■ **Task details**: Images should not appear in the copy, yet every line of the listing below must be printed exactly.

■ **Supplied material**:
☆ ☆ ☆

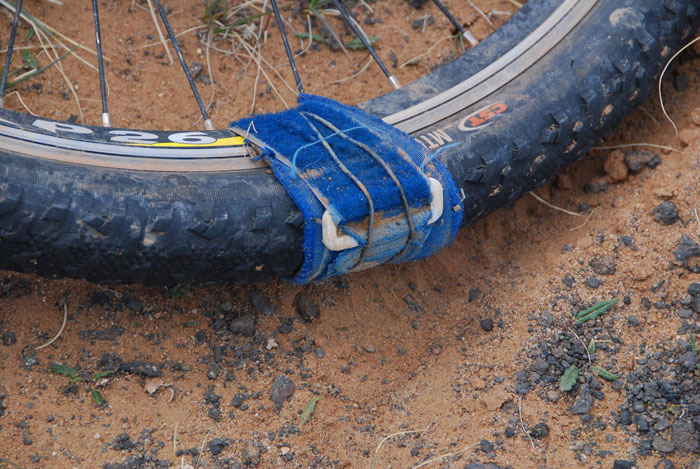 未先补胎,换上备用的,谁知走了不到百米又爆了。只好补胎,再查看外胎,发现触地的地方有一道四厘米的裂口,没带备用外胎(有点不可思议),只好用那副不曾用过的护腕加铁丝包扎外胎,勉强能用。
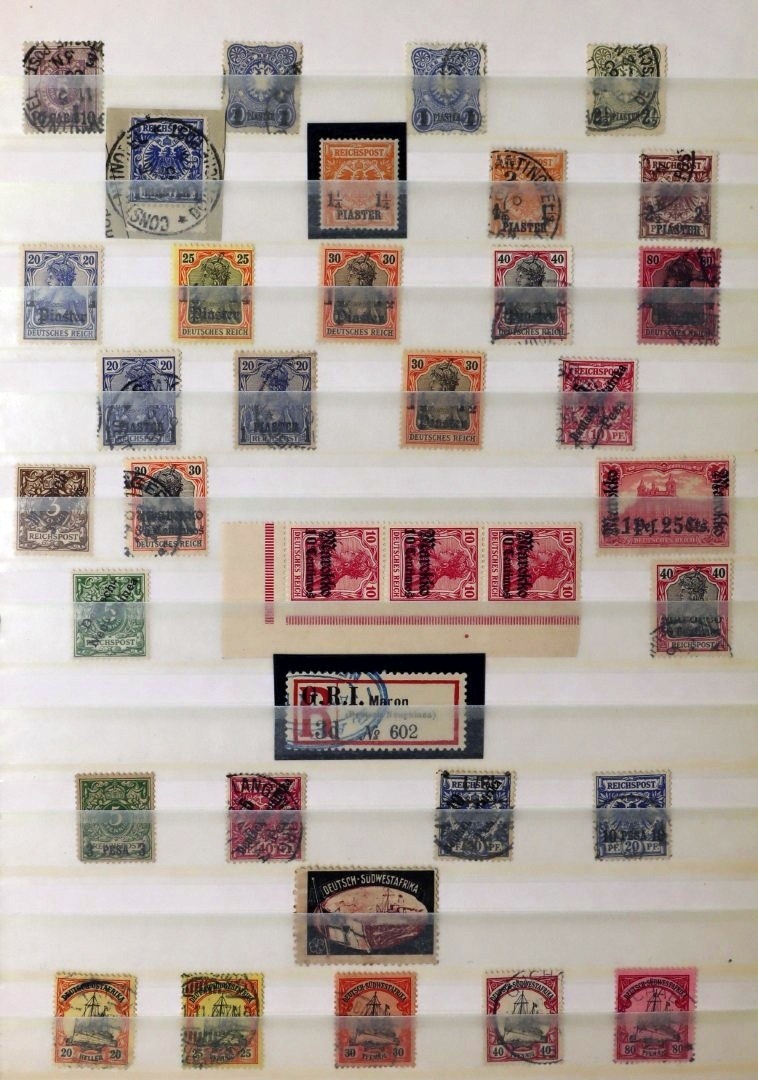 2168 imageDUITSLAND (KOLONIËN EN BEZETTE GEBIEDEN). Verz. in dik insteekboek, w.bij beter materiaal. Tevens stadspost en wat cinderella's.
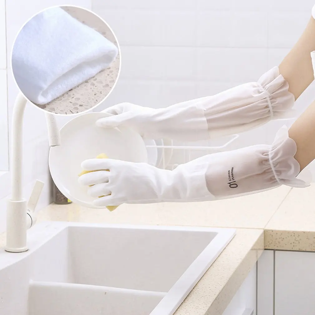 Водонепроницаемые перчатки для мытья автомобиля, перчатки для мытья дома, плюшевые полупрозрачные резиновые перчатки для женщин, инструменты для уборки кухни
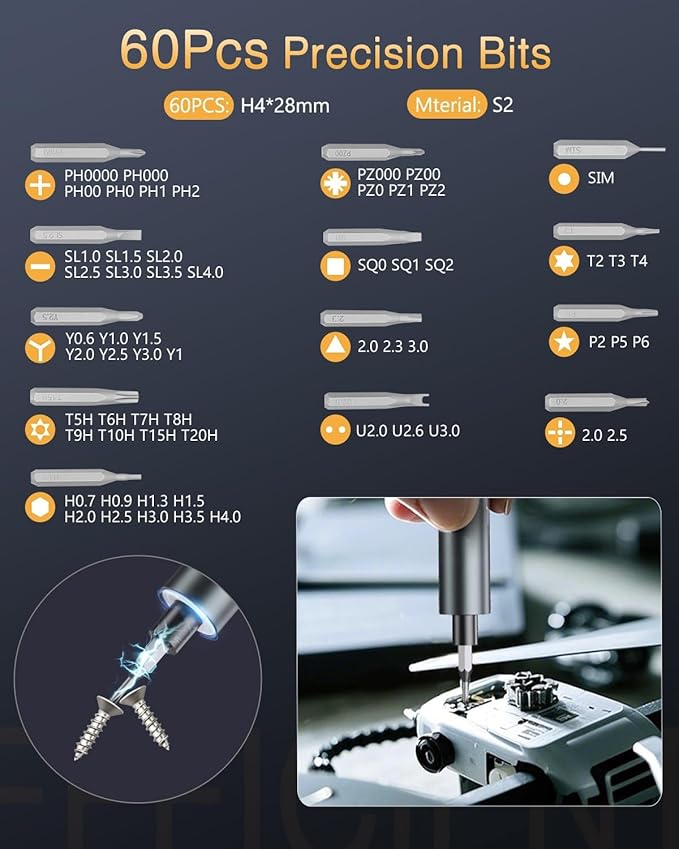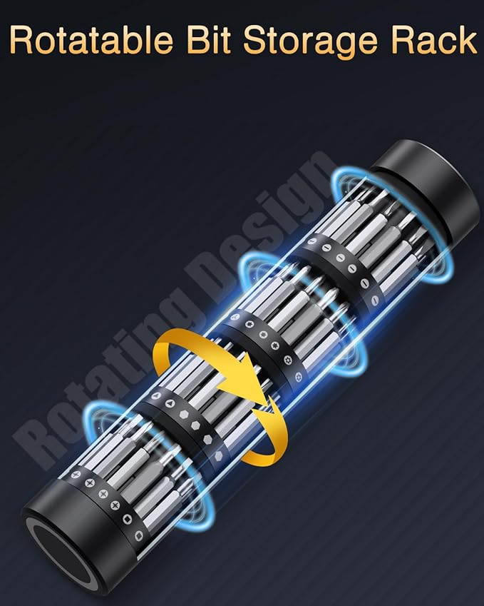 - Rotatable Bit Organizer: Semi-concealed 360° rotating rack stores 60 Precision bits in the most space-efficient way possible. Each bit is labelled according to its type, so you can enjoy efficient repairs without struggling to find the bit you need

☆ ☆ ☆

■ **The answer**:
 未先补胎,换上备用的,谁知走了不到百米又爆了。只好补胎,再查看外胎,发现触地的地方有一道四厘米的裂口,没带备用外胎(有点不可思议),只好用那副不曾用过的护腕加铁丝包扎外胎,勉强能用。
 2168 imageDUITSLAND (KOLONIËN EN BEZETTE GEBIEDEN). Verz. in dik insteekboek, w.bij beter materiaal. Tevens stadspost en wat cinderella's.
 Водонепроницаемые перчатки для мытья автомобиля, перчатки для мытья дома, плюшевые полупрозрачные резиновые перчатки для женщин, инструменты для уборки кухни
 - Rotatable Bit Organizer: Semi-concealed 360° rotating rack stores 60 Precision bits in the most space-efficient way possible. Each bit is labelled according to its type, so you can enjoy efficient repairs without struggling to find the bit you need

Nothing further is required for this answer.